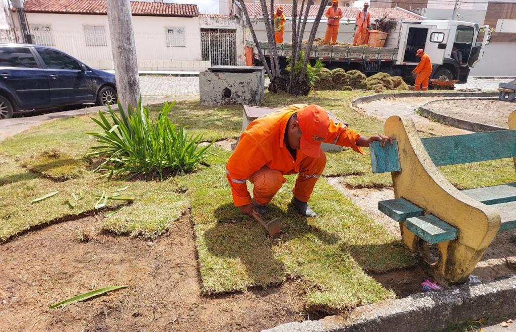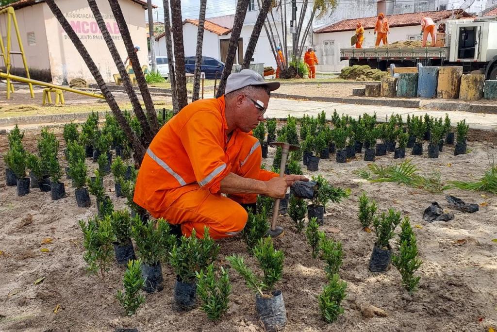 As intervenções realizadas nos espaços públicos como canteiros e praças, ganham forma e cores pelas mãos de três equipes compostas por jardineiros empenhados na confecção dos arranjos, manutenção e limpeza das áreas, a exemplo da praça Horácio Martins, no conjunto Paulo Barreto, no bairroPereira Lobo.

==

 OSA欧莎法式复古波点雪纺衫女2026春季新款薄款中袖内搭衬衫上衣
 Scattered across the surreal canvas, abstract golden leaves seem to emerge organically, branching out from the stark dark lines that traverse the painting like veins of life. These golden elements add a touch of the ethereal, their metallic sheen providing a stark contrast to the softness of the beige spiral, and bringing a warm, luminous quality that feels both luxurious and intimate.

--

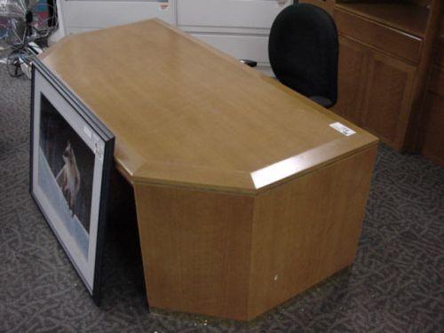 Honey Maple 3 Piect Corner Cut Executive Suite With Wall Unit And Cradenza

- [ASSIGNMENT]
From the entries above, return exactly the line containing "OSA欧莎法式复古波点雪纺衫女2026春季新款薄款中袖内搭衬衫上衣", the line containing "Scattered across the", and all lines between, and nothing else.

- [SOLUTION TO THIS TASK]
 OSA欧莎法式复古波点雪纺衫女2026春季新款薄款中袖内搭衬衫上衣
 Scattered across the surreal canvas, abstract golden leaves seem to emerge organically, branching out from the stark dark lines that traverse the painting like veins of life. These golden elements add a touch of the ethereal, their metallic sheen providing a stark contrast to the softness of the beige spiral, and bringing a warm, luminous quality that feels both luxurious and intimate.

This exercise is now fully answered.